→ **Data section**
┌────────

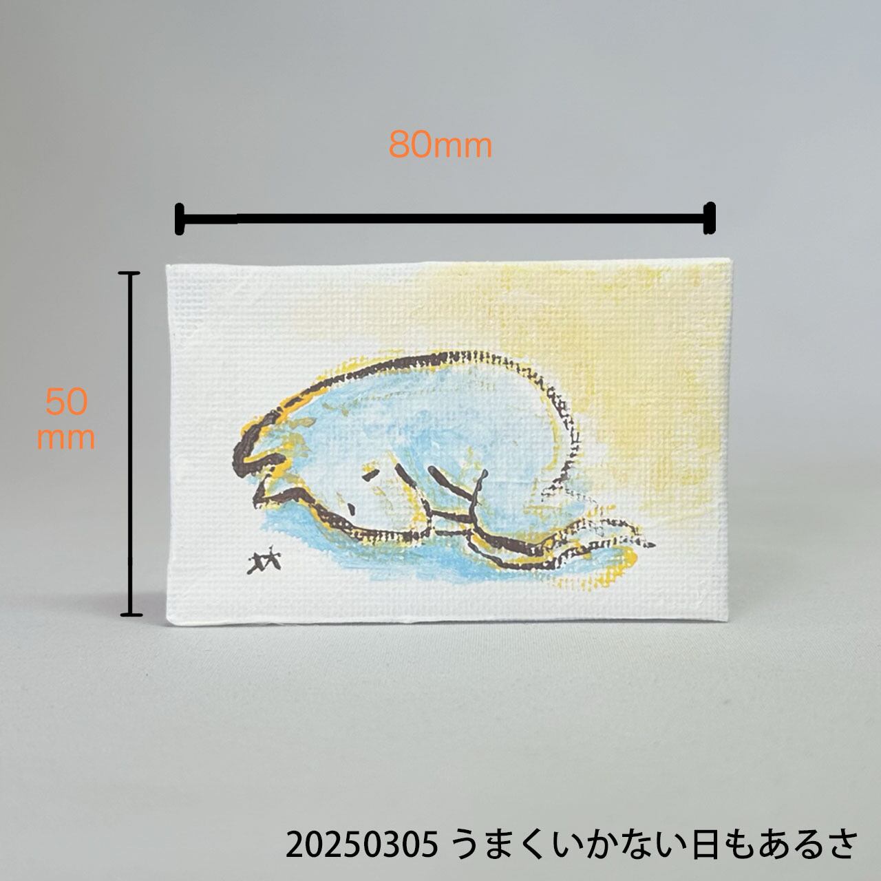 製作:2025年/キャンバス/画材:アクリル絵の具/サイズ:50×80mm。お使いの端末や環境により、写真と実物の色味や質感が多少異なって見えることがあります。イーゼル付
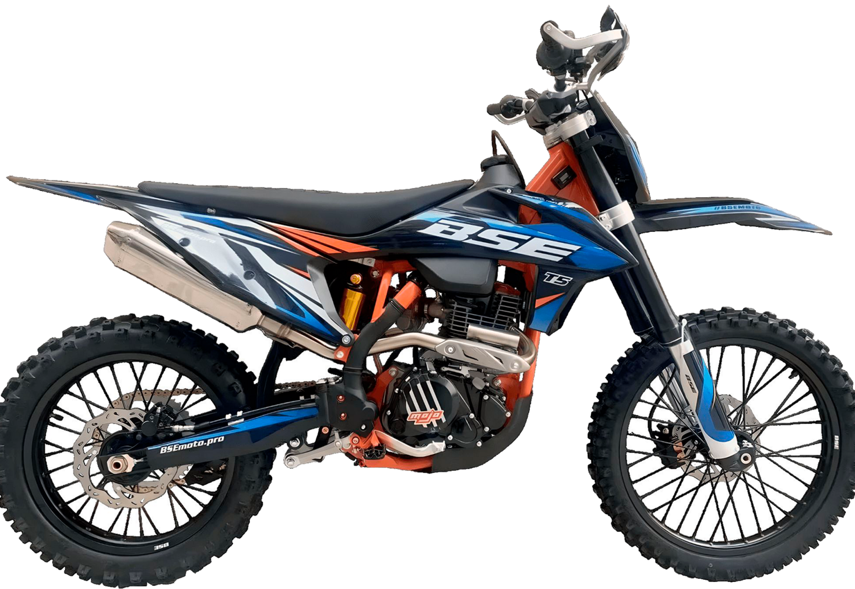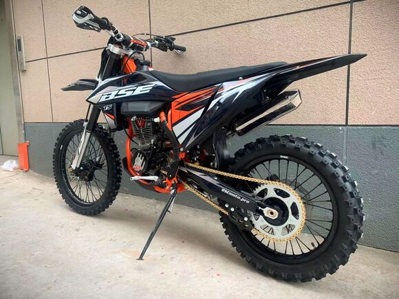 Новинка 2023 года от BSE - модель Т5 из абсолютно новой Т-серии!Наша гордость – мотор TYAN TYX300, который уже отлично зарекомендовал себя на модели Z11. Данный мотор является эксклюзивным для бренда BSE на российском рынке. Официально только у BSE Russia есть разрешение на установку мотора TYAN TYX300 на свою продукцию.Ещё одна особенность модели Т5 - абсолютно новая рама, которая полностью соответствует всем стандартам самого известного австрийского бренда мотоциклов для кросса и эндуро – KTM. Единая геометрия, эргономика, пропорции и углы вылета вилки. Высококачественная сталь, малый вес и большой запас прочности, идеальная развесовка. Мотоцикл оснащен легким алюминиевым подрамником, системой прогрессии и пластиковой защита мотора. Установлен новый тип пластика - прочный, легкий и современный. Колесная база в 1460 мм добавляет отменную маневренность.T5 оборудован фирменной заводской спортивной подвеской BSE Mojo Racing. Подвеска с большими ходами имеет полный диапазон регулировок и помогает отрабатывать даже самые жесткие приземления, с лёгкостью "глотая" все неровности. Подвеску легко настроить под любой рельеф, любую трассу и стиль езды. Вы ощутите результат, когда будете сокращать секунды круг за кругом! Особое внимание было направлено на снижение веса всей подвески.Разработка подвески BSE Mojo Racing производилась опытными инженерами-подвесочниками завода, а настройка - под чутким контролем заводской спортивной китайской командой BOSUER. Спереди установлена полностью регулируемая вилка «перевертыш» BSE Mojo Racing c перьями диаметром 53/58.5 мм, 930 мм. Сзади установлен полностью настраиваемый моноамортизатор BSE Mojo Racing 480 мм.На T5 установлен топливный бак на 8 л, мощная тормозная гидравлическая система с дисками диаметром 240 мм, звезды 13t – 49t, «зубастые» покрышки Carrystone 80/100-21 спереди и 110/90-18 сзади. Мотоцикл оснащается полностью светодиодной фарой головного света, грипсами и ручкой газа Nibbi Racing, цепкой шкуркой сиденья.Легкий (сухая масса 120 кг), прекрасно сбалансированный, мощный мотор. Отточенная управляемость. Подходит для новичков, а также спортсменов в дисциплинах эндуро, хард-эндуро, супер-эндуро, мотокросс.
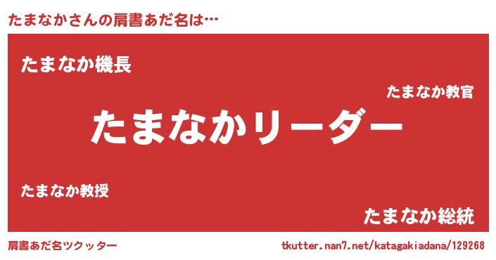 | ヘコむあだ名 | 『たまぷりん』『たまなか(遠い目)』 |

└────────

→ **Your task**
Transcribe all of the data above exactly; no picture belongs in the copy.

→ **Response to this exercise**
 製作:2025年/キャンバス/画材:アクリル絵の具/サイズ:50×80mm。お使いの端末や環境により、写真と実物の色味や質感が多少異なって見えることがあります。イーゼル付
 Новинка 2023 года от BSE - модель Т5 из абсолютно новой Т-серии!Наша гордость – мотор TYAN TYX300, который уже отлично зарекомендовал себя на модели Z11. Данный мотор является эксклюзивным для бренда BSE на российском рынке. Официально только у BSE Russia есть разрешение на установку мотора TYAN TYX300 на свою продукцию.Ещё одна особенность модели Т5 - абсолютно новая рама, которая полностью соответствует всем стандартам самого известного австрийского бренда мотоциклов для кросса и эндуро – KTM. Единая геометрия, эргономика, пропорции и углы вылета вилки. Высококачественная сталь, малый вес и большой запас прочности, идеальная развесовка. Мотоцикл оснащен легким алюминиевым подрамником, системой прогрессии и пластиковой защита мотора. Установлен новый тип пластика - прочный, легкий и современный. Колесная база в 1460 мм добавляет отменную маневренность.T5 оборудован фирменной заводской спортивной подвеской BSE Mojo Racing. Подвеска с большими ходами имеет полный диапазон регулировок и помогает отрабатывать даже самые жесткие приземления, с лёгкостью "глотая" все неровности. Подвеску легко настроить под любой рельеф, любую трассу и стиль езды. Вы ощутите результат, когда будете сокращать секунды круг за кругом! Особое внимание было направлено на снижение веса всей подвески.Разработка подвески BSE Mojo Racing производилась опытными инженерами-подвесочниками завода, а настройка - под чутким контролем заводской спортивной китайской командой BOSUER. Спереди установлена полностью регулируемая вилка «перевертыш» BSE Mojo Racing c перьями диаметром 53/58.5 мм, 930 мм. Сзади установлен полностью настраиваемый моноамортизатор BSE Mojo Racing 480 мм.На T5 установлен топливный бак на 8 л, мощная тормозная гидравлическая система с дисками диаметром 240 мм, звезды 13t – 49t, «зубастые» покрышки Carrystone 80/100-21 спереди и 110/90-18 сзади. Мотоцикл оснащается полностью светодиодной фарой головного света, грипсами и ручкой газа Nibbi Racing, цепкой шкуркой сиденья.Легкий (сухая масса 120 кг), прекрасно сбалансированный, мощный мотор. Отточенная управляемость. Подходит для новичков, а также спортсменов в дисциплинах эндуро, хард-эндуро, супер-эндуро, мотокросс.
 | ヘコむあだ名 | 『たまぷりん』『たまなか(遠い目)』 |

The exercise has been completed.